Op 5 november 2022 is de Wet van 2 november 2022 houdende regels ten behoeve van de hersteloperatie toeslagen (Wet hersteloperatie toeslagen, hierna: Wht) in werking getreden (Stb. 2022, 433). Hiermee is de regelgeving in het kader van de hersteloperatie kinderopvangtoeslag, waaronder de artikelen, 49, 49b en 49c van de Algemene wet inkomensafhankelijke regelingen (Awir), de Compensatieregeling en het Besluit uitbreiding Catshuisregeling Kinderopvangtoeslag (Stct. 2021, nr. 28304), komen te vervallen.

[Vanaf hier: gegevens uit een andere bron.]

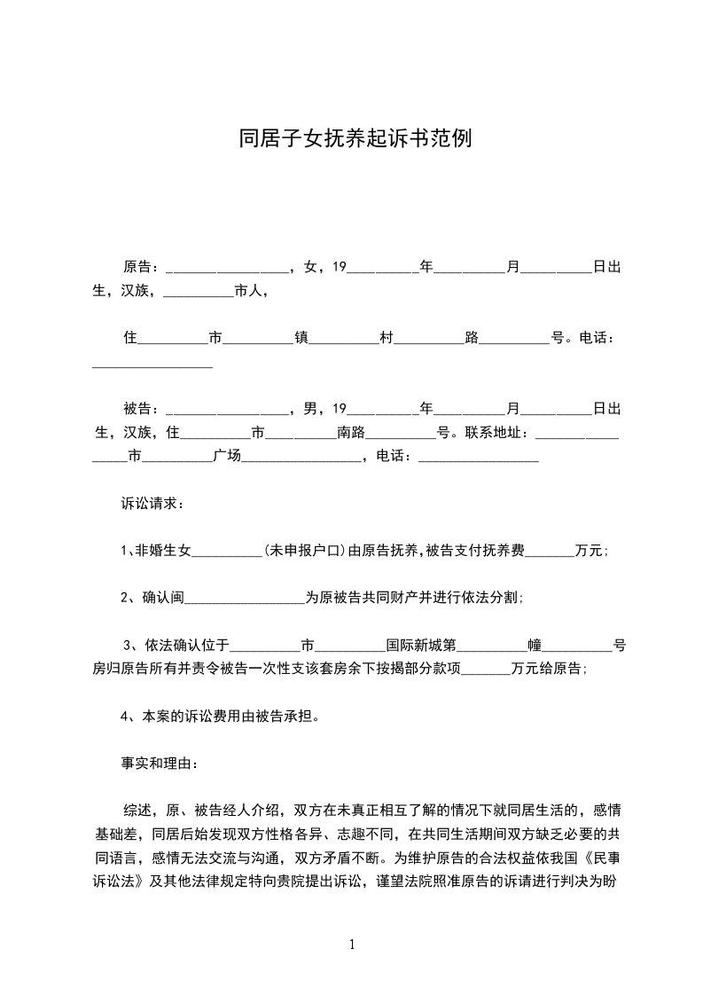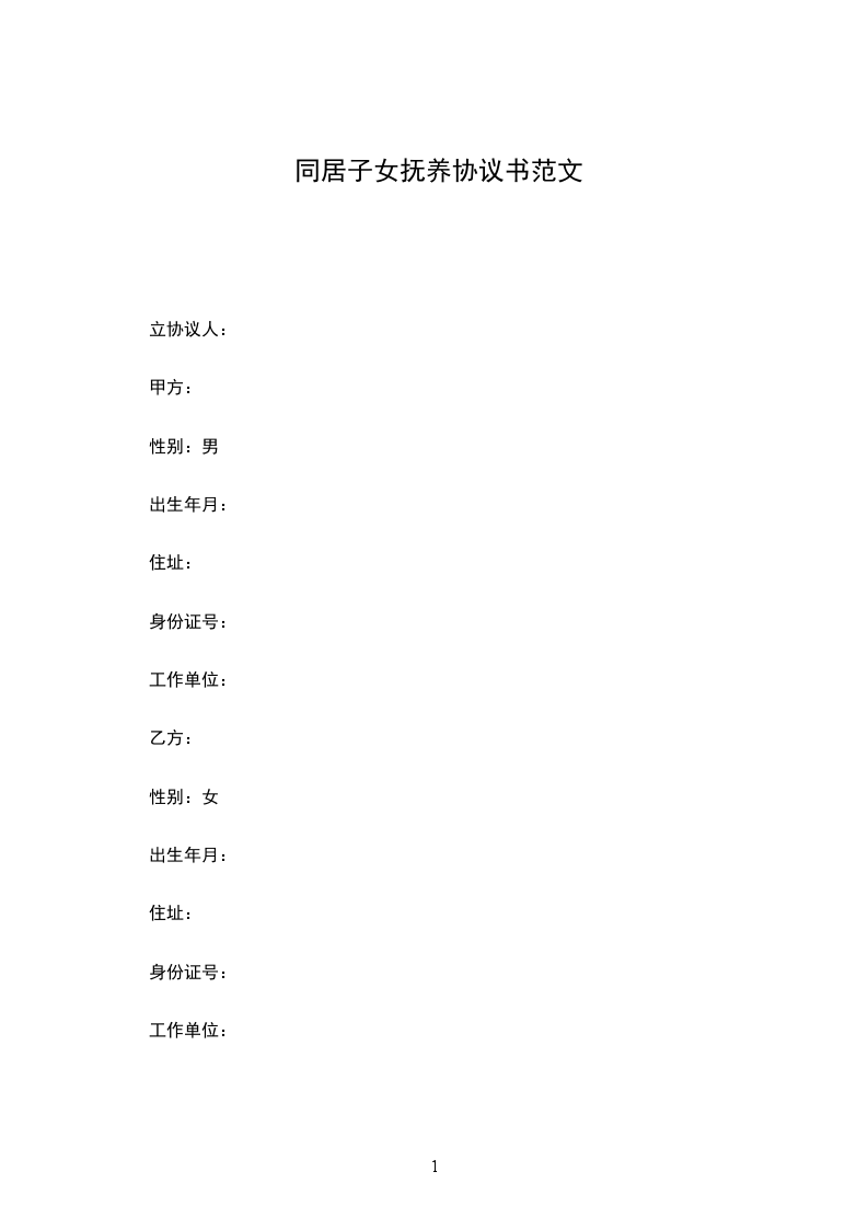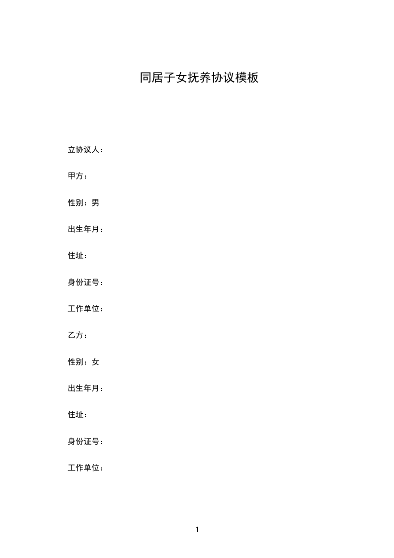 女方:_________________,汉族,_______年_______月_______日出生,现住:_________________,身份证号:_________________;

Op grond van artikel 9.2, aanhef en onder e Wht werkt afdeling 2.1., voor zover hier relevant, terug tot en met 26 januari 2021.
Artikel 8.6 Wht bepaalt voorts dat beschikkingen, onder andere ter zake van compensatie, aanvullende compensatie voor werkelijke schade en tegemoetkomingen in het kader van opzet/grove schuld (O/GS) die in het kader van de hersteloperatie
toeslagen zijn gegeven vóór het tijdstip van inwerkingtreding van afdeling 2.1, vanaf dat tijdstip worden aangemerkt als beschikkingen die zijn gegeven krachtens de van
toepassing zijnde artikelen van deze afdeling.
Gelet op het voorgaande moet de bestreden beschikking van 20 december 2021 geacht worden te zijn genomen op grond van artikel 2.1 en verder van de Wht.
Procesverloop
- Belanghebbende heeft zich bij UHT aangemeld in het kader van een herbeoordeling
van kinderopvangtoeslag (hierna: KOT). - Bij beschikking van 20 december 2021 is aan belanghebbende meegedeeld dat zij (nog) geen recht heeft op een betaling van € 30.000.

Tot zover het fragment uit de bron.